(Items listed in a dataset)

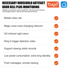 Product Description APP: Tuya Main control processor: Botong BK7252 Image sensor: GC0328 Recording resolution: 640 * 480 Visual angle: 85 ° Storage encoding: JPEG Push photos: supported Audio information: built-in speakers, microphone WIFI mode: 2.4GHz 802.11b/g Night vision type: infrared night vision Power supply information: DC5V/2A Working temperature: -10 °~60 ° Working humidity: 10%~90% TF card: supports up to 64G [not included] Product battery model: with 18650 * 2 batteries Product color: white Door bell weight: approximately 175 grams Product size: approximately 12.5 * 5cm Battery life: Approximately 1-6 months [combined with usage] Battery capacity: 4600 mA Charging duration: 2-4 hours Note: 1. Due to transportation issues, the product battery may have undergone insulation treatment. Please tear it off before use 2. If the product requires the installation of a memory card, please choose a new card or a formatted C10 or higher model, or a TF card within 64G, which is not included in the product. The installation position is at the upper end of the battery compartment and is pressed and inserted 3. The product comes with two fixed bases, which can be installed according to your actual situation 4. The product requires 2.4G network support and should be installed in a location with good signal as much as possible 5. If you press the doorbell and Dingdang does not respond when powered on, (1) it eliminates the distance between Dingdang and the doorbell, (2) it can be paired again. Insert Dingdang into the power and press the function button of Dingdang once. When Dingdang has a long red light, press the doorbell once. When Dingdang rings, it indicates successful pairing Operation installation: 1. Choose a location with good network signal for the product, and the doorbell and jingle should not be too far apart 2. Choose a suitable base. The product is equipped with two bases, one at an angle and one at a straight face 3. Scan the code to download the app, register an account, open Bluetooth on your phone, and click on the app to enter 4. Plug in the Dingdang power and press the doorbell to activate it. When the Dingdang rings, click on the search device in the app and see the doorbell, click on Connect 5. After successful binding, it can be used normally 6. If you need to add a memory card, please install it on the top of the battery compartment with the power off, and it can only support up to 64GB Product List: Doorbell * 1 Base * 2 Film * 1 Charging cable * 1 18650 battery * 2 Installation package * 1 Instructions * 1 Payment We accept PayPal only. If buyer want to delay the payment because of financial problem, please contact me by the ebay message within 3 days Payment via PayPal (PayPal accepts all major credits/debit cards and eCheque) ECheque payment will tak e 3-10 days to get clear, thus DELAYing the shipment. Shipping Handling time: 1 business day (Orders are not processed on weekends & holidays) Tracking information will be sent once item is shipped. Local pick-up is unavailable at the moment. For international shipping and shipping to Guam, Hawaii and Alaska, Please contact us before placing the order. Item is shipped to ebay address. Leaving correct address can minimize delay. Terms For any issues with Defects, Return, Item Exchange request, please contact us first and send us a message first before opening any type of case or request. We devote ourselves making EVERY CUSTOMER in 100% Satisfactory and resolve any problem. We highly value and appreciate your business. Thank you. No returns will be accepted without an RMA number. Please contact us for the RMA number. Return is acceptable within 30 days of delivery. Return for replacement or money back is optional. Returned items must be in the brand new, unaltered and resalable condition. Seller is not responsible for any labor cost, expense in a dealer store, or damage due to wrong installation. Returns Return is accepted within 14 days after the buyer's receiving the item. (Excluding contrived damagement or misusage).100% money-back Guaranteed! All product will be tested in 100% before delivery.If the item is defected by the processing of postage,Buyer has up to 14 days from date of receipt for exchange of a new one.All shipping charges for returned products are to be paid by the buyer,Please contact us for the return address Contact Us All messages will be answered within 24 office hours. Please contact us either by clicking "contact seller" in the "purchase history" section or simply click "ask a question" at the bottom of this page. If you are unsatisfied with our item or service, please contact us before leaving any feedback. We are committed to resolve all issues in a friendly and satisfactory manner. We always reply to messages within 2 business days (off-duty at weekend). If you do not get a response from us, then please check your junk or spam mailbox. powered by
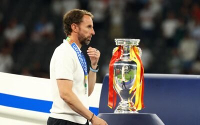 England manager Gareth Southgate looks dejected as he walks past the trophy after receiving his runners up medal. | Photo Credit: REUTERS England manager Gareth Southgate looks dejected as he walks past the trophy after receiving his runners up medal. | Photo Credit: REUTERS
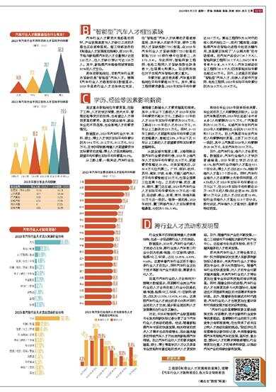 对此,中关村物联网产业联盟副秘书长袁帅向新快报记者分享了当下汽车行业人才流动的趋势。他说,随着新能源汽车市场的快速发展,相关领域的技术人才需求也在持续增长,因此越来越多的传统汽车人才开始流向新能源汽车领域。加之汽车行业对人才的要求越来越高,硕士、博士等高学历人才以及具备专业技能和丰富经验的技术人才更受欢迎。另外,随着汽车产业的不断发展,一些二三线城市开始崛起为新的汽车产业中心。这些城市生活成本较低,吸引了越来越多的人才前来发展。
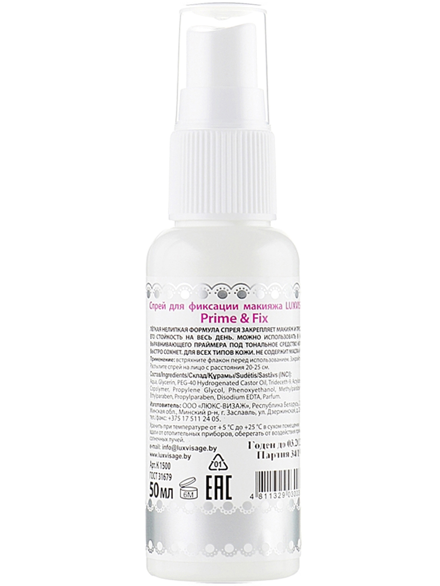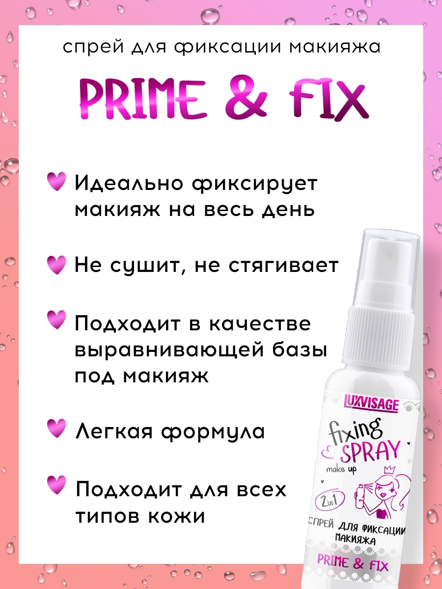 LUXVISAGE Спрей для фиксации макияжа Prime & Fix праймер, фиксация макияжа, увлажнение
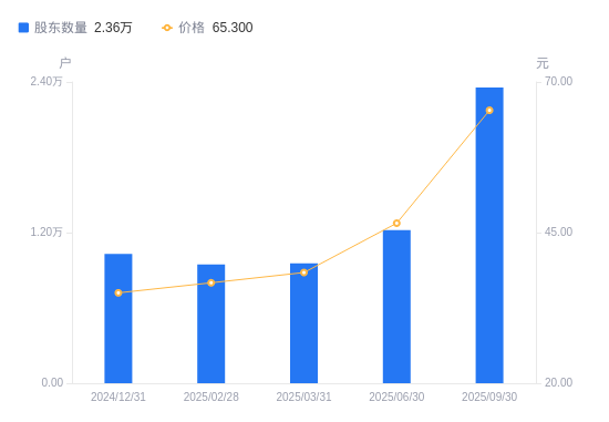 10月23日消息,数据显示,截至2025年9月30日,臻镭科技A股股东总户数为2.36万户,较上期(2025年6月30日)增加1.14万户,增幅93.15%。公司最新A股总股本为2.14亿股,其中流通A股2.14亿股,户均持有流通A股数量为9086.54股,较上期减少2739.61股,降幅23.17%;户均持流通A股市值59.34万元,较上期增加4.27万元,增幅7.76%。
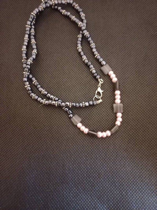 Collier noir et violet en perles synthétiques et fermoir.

## TASK DIRECTIONS
Reproduce exactly, and only, the part of the entries above that runs from the line with "LUXVISAGE Спрей для" to the last line, both included. Pictures stay out.

## RESPONSE FOR THIS EXERCISE
 LUXVISAGE Спрей для фиксации макияжа Prime & Fix праймер, фиксация макияжа, увлажнение
 10月23日消息,数据显示,截至2025年9月30日,臻镭科技A股股东总户数为2.36万户,较上期(2025年6月30日)增加1.14万户,增幅93.15%。公司最新A股总股本为2.14亿股,其中流通A股2.14亿股,户均持有流通A股数量为9086.54股,较上期减少2739.61股,降幅23.17%;户均持流通A股市值59.34万元,较上期增加4.27万元,增幅7.76%。
 Collier noir et violet en perles synthétiques et fermoir.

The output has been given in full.